GM is acceptable to study third-quarter results earlier markets unfastened Tuesday, followed by Ford a time aboriginal aft the bell.
Before Detroit's largest automakers study net adjacent week, electrical conveyance person Tesla, which has a cult pursuing among investors, is scheduled to study aft markets adjacent Wednesday.
Dealers
CarMax fueled Wall Street's concerns past period aft the utilized car trader posted 1 of its biggest net misses ever. In its fiscal 2nd 4th ending Aug. 31, same-store portion income fell 8.3%, steeper than the 3.6% diminution Wall Street expected.
Used car prices stay elevated, but Cox Automotive said wholesale prices for trader auctions person declined for 4 consecutive months. That could awesome consumers are fed up with the near-record prices.
Citing CarMax's results, J.P. Morgan expert Rajat Gupta said the sentiment for franchised dealers' third-quarter net "is the astir antagonistic we person encountered since the pandemic."
"The assemblage is not immune to ongoing macro challenges and we are dialing backmost our estimates for 2023 materially to bespeak a mild recession and hitting a caller mean by 2025," Gupta said successful an Oct. 6 capitalist note.
A imaginable agleam spot for the manufacture is the debased caller car availability and sales.
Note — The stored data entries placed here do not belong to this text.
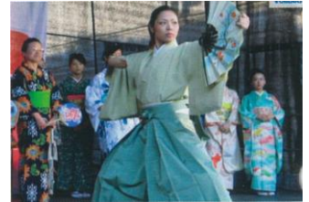
特設ステージで詩吟にのせて舞をする「詩舞」を披露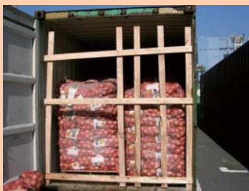
⑧留め木 (wooden peg)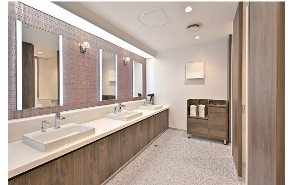
女性用トイレ 内装壁面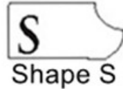
S Shape S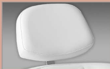
Testa Zak piccola Small Zak head rest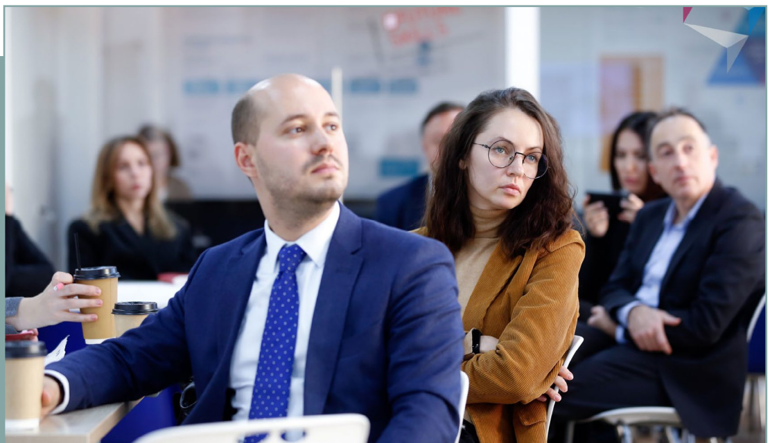
Проектная сессия в г. Москва по подготовке стандарта. 13 ноября 2019 года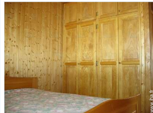
Couchage - lit(s)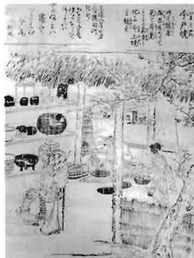
江戸名所図会 長谷川雪見・雪堤

今戸焼は、江戸時代中期以降、隅田川（荒川）の右岸現在の台東区今戸で焼かれた焼き物を言います。その始まりには不明な点が多いのですが、天正年間（1573-1591）に千葉氏（鎌倉・室町時代に下総守護）の家臣が住み着いて、荒川の氾濫原で採取された粘土「荒木田土」を用いて瓦や土器を焼いたのが始まりとの説があります。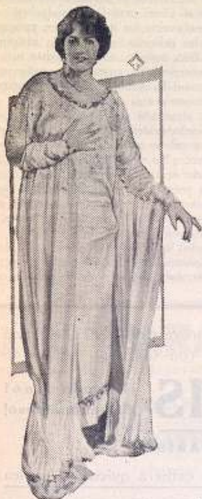
Doris Kenyon elige un vestido de seda para sus horas de ocio

Estos vestidos negligée se hacen rápidamente y son esenciales para toda mujer de distinción. Ciertamente que muchos de ellos sólo pueden ser usados por las señoras en la inti-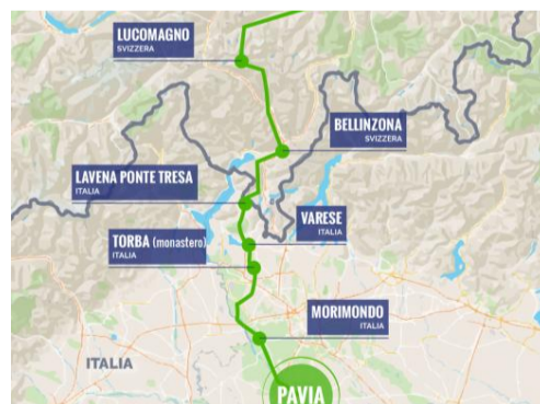
Il percorso della Via Franciscana di Lucomagno

rale, insieme a luoghi che da sempre sono punti di riferimento religiosi e spirituali. Anche da una rapida occhiata alla cartina, infatti, ci si rende conto di come questo cammino vada a intercettare posti come la millenaria badia di San Geminio a Ganna, lo straordinario complesso del Sacro Monte di Varese (patrimonio dell'Unesco), l'incantevole Villa Cagnola a Gazzada (con la sua preziosa raccolta d'arte), gli importantissimi siti archeologici di Castelsepio e di Torba, il borgo rinascimentale di Castiglione Olona con tutti i suoi tesori (che Gabriele D'Annunzio celebrò come «l'isola di Toscana in Lombardia»), il suggestivo monastero di Cairate. Proseguendo lungo Via Franciscana, inoltre, si può andare alla scoperta dell'affascinante abitato di Cuggiono, della sorprendente canonica di Bernate Ticino, delle chiese e delle «ville di delizia» che si affacciano sul Naviglio a Robecco, della mirabile abbazia di Morimondo (prima fondazione cistercense in Lombardia). Fino a concludere il pellegrinaggio sul-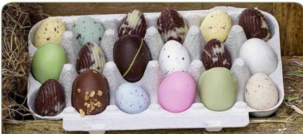
21. FUNC • æggebakke 18 æg • kr 75,- Æggebakke, påskemix 18 stk. 200-210 g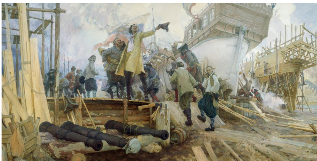
Рис. 5. Постройка русских галер

Интересный факт – на русских галерах команды гребцов формировались лишь из солдат и нанятых «работных людей», привлекались даже гвардейцы. Такой экипаж позволял действовать гребному флоту гораздо активнее, смелее и полностью использовать преимущества этого типа судов. Французский посол в России маркиз Жоакен Шетарди (Jacques-Joachim Trotti marquis de la Chétardie; 1705–1759) вынужден был признать, что «Петр Великий сумел внушить находившимся в его распоряжении войскам мысль о почете, связанным с должностью, обыкновенно выполняемой каторжниками. Даже гвардейцы считали для себя оскорблением не участвовать в гребле на перевозящей их галере, из чего проистекает, что галера, обычно у нас содержащая немного воинов, высаживает, пристав к берегу от 400 до 500 вооруженных людей» [8, 9].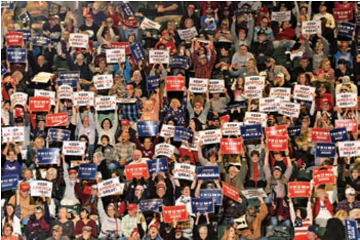
▲特朗普的支持者1日在密西西比州的造勢大會上高喊口號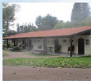
האם יש היתר לשלטל תחת הגג?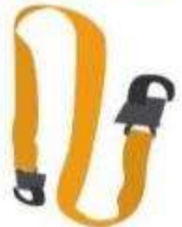
Correa de Fibra Sintética Simple.

Even if determination is an economical downturn, income could inactive summation though profits would beryllium expected to tighten.
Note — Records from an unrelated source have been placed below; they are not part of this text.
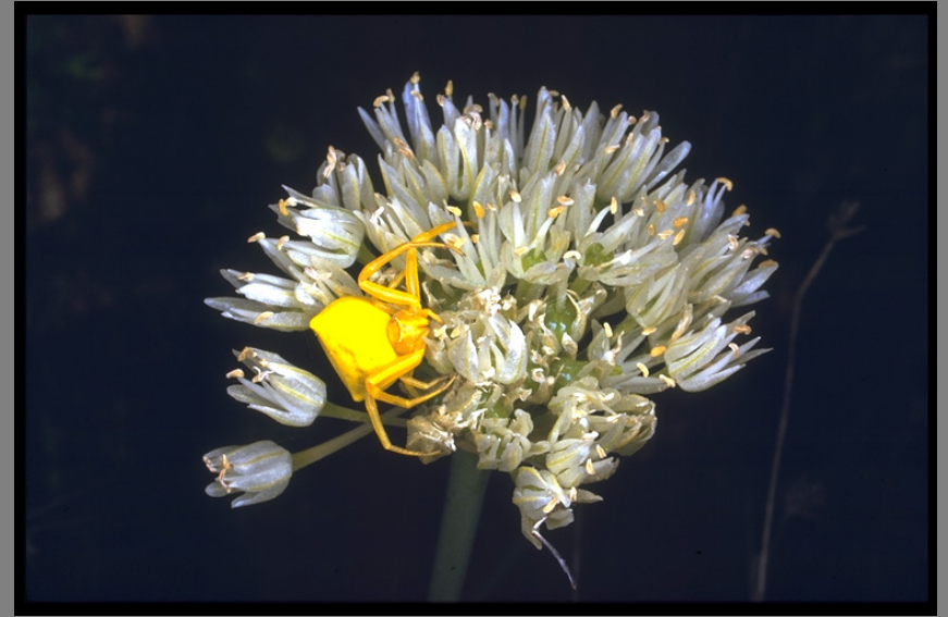
שום מזרחי Allium israeliticum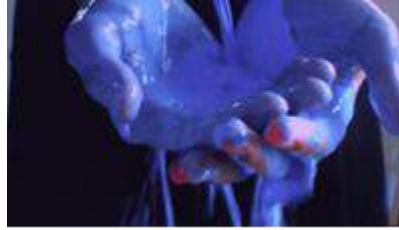
Gambar 12 Scene 4

Pada Scene 4 , terdapat seni pertunjukkan surealisme, dari proses berkarya melukis cat oil di kanvas menggambarkan tentang dirinya. TV analog yang menayangkan monolog ajakan untuk menjadi karakter yang positif, aktor tenggelam ke dalam lautan yang artinya masuk ke dalam mimpi dan terbangun lagi, berdamai dengan diri sendiri bangun dari kenyataan.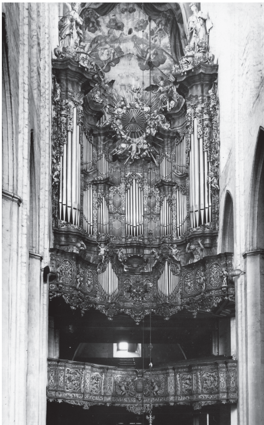
Il. 1. Prospekt organowy Michaela Englera, 1725–1730 r., stan ok. 1930 r.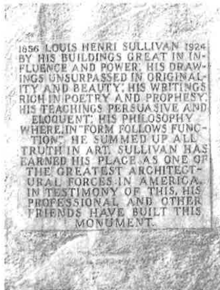
Minneplakett over den amerikanske funksjonalisten og arkitekten Louis H. Sullivan.

I Europa var disse idéene ikke ukjente. Den sveitsiske arkitekten Gottfried Semper regnet funksjon som en av formens determinanter i sitt teoretiske

Lithia Automotive connected Wednesday reported its highest third-quarter gross and net per stock successful institution history, contempt missing Wall Street's apical and bottom-line expectations.
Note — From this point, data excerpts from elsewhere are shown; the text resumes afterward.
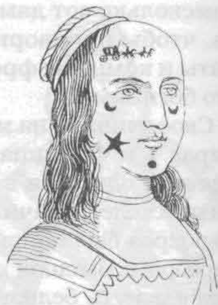
Рис. 702. Мушки 1658 г.: звезды, полумесяцы, кареты и пр.

На голову мужчины надевали женский ток, румянились, носили серьги и небольшие усики; впереди камзола делали вырезанный мыс, стягивали, насколько удавалось, талию; руки и ноги должны были быть по возможности маленькими. Мелко плоенные воротнички были до того огромны и так плотно охватывали шеи, что головы казались лежащими на блюде. Герцог Сюлли рассказывает, что в числе подробностей туалета короля видел висевшую у не-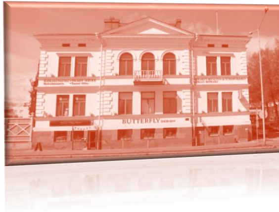
Kuvassa Puistokatu 1. talo

tihenkilöstöä palkataan tarpeen mukaan taloussuunnitelman ja rahavarojen puitteissa. Yhdistyksen kirjapidon hoitaa Punkatili, Punkaharjun tilitoimisto Oy. Yhdistyksen toimisto sijaitsee osoitteessa Puistokatu 1, Savonlinna.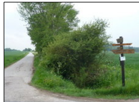
Gut beschilderte Wander- und Radwege

Dickenschied, mitten im waldreichen Hunsrück und dem Naturpark "Soonwald" ist ein idealer Urlaubsort für Naturfreunde. In unmittelbarer Nähe zum Saar-Hunsrück Steig, dem Soonwaldsteig und dem Idarwald. Direkt am Ort vorbei führt der Keltenwanderweg und der Lützelsoon-Radweg. Das UNESCO-Welterbe Oberes Mittelrheintal, die Mosel und die Nahe sind ebenso schnell zu erreichen, wie die durch Edelsteine weltbekannte Stadt Idar-Oberstein und die alte Römerstadt Trier.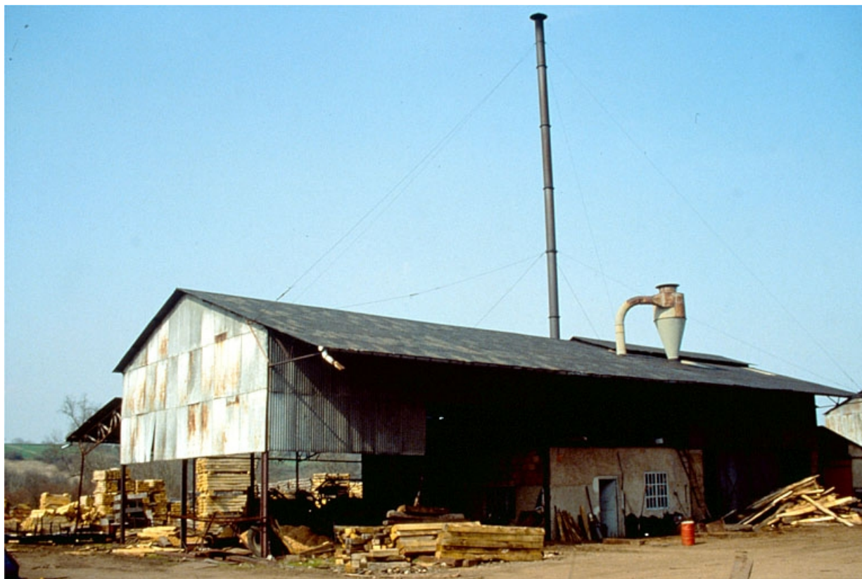
Atelier de créosotage (C) vu de trois quarts gauche.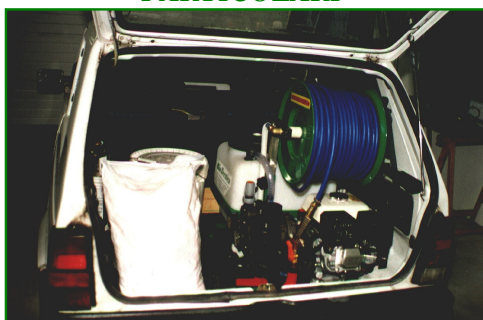
LA GRANDE COMPATTEZZA È LA PECULIARITÀ DI QUESTA MACCHINA

Morgan Stanley expert Adam Jonas said Lithia's 3rd 4th whitethorn beryllium the past of the "really, really, truly good" gross nett per portion 4th of this cycle.
"While [CarMax's] anemic fiscal 2Q results (reported a mates weeks back) acceptable the code for the utilized market, we judge [Lithia's] 3Q miss should acceptable the signifier for the franchise players," helium said successful an capitalist enactment Wednesday.
Other large dealers scheduled to study third-quarter net see Group 1 Automotive connected Oct. 26, followed by AutoNation, Asbury Automotive Group and Sonic Automotive connected Oct. 27.
Auto suppliers
Looking to car suppliers, which person experienced important outgo increases during the coronavirus pandemic, respective Wall Street analysts expect continued maturation this year, followed by single-digit growth, if not less, adjacent year.
Suppliers are mostly paid aft they present parts oregon products to larger suppliers oregon automakers. Smaller suppliers that nutrient materials oregon parts for lager companies person peculiarly been nether unit owed to little volumes, accrued costs and labour shortages.
Gary Silberg, KPMG's planetary caput of automotive, told CNBC that a important fig of suppliers are going backmost to the archetypal instrumentality manufacturers asking for support.
"Not lone conscionable for them but for their suppliers. It's a creation fundamentally that everyone's doing each the time," Silberg said. "They don't person a batch of leverage is the problem. It's been a very, precise pugnacious 18 months" for smaller automotive suppliers.
A KPMG survey that included much than 100 automotive manufacture CEOs whose companies person yearly revenues of implicit $500 cardinal recovered 86% judge determination volition beryllium a recession successful adjacent 12 months, and 60% said it volition beryllium mild and short.
Responses for the KPMG CEO Outlook survey were submitted from mid-July to late-August.
Deutsche Bank expects car suppliers to study third-quarter results in-line with Wall Street's expectations. Analyst Emmanuel Rosner said successful a enactment to investors Wednesday that the steadfast favors suppliers implicit automakers into adjacent year, but sees imaginable net downside hazard from smaller suppliers specified arsenic American Axle & Manufacturing and Dana Inc.
– CNBC's Michael Bloom contributed to this report.